TASK STATEMENT >> Go through the listing below and write out exactly the lines from the one that mentions "Weltkarte als Leinwandbild" through the one that mentions "Három darab, földeléssel", minus the pictures.
SUPPLIED RECORDS section start
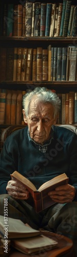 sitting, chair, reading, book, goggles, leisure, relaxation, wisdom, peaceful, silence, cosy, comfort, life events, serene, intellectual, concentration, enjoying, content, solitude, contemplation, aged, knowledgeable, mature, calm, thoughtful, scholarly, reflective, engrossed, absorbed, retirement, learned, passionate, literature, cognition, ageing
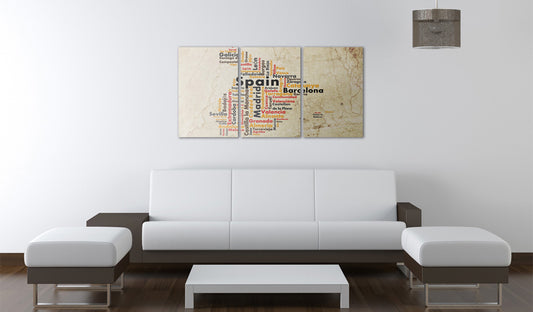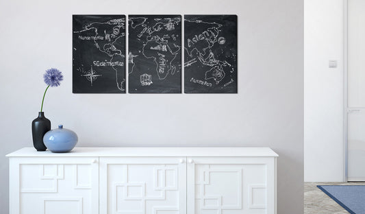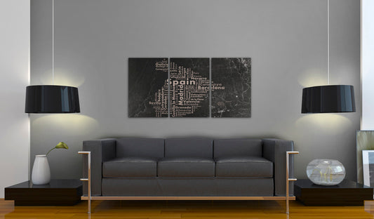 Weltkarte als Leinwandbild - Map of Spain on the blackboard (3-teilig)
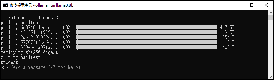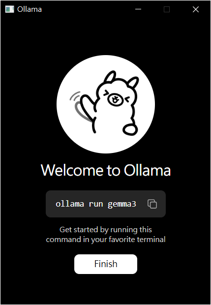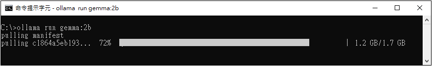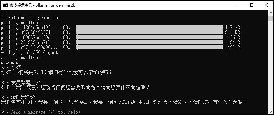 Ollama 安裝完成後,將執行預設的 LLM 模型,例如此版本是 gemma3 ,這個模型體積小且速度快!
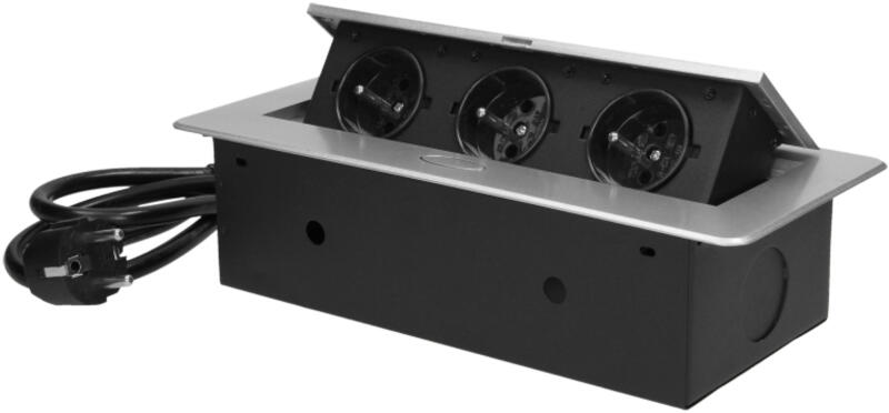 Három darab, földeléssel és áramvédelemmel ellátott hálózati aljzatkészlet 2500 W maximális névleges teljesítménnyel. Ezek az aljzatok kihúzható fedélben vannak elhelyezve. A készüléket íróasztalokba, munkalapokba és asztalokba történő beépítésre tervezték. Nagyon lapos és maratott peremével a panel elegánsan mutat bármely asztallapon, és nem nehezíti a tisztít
SUPPLIED RECORDS section end
SUPPLIED RECORDS section start
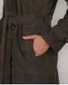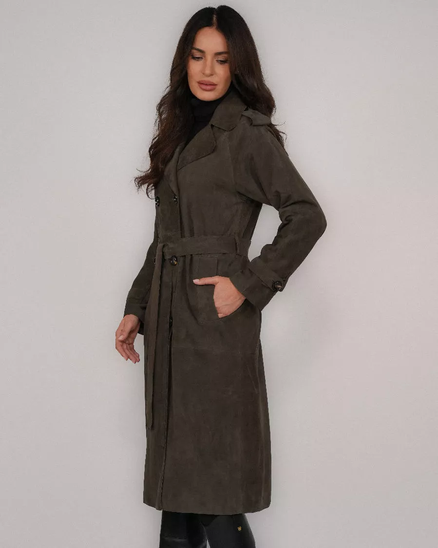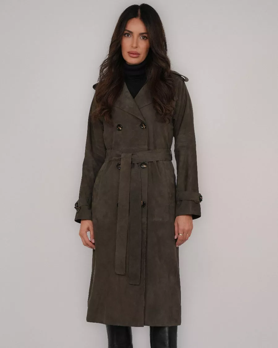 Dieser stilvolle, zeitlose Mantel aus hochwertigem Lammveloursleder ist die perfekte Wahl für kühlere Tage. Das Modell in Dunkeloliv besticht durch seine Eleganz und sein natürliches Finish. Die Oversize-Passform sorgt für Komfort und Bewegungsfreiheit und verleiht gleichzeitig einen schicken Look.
SUPPLIED RECORDS section end
ANSWER TO THIS PROBLEM >>
 Weltkarte als Leinwandbild - Map of Spain on the blackboard (3-teilig)
 Ollama 安裝完成後,將執行預設的 LLM 模型,例如此版本是 gemma3 ,這個模型體積小且速度快!
 Három darab, földeléssel és áramvédelemmel ellátott hálózati aljzatkészlet 2500 W maximális névleges teljesítménnyel. Ezek az aljzatok kihúzható fedélben vannak elhelyezve. A készüléket íróasztalokba, munkalapokba és asztalokba történő beépítésre tervezték. Nagyon lapos és maratott peremével a panel elegánsan mutat bármely asztallapon, és nem nehezíti a tisztít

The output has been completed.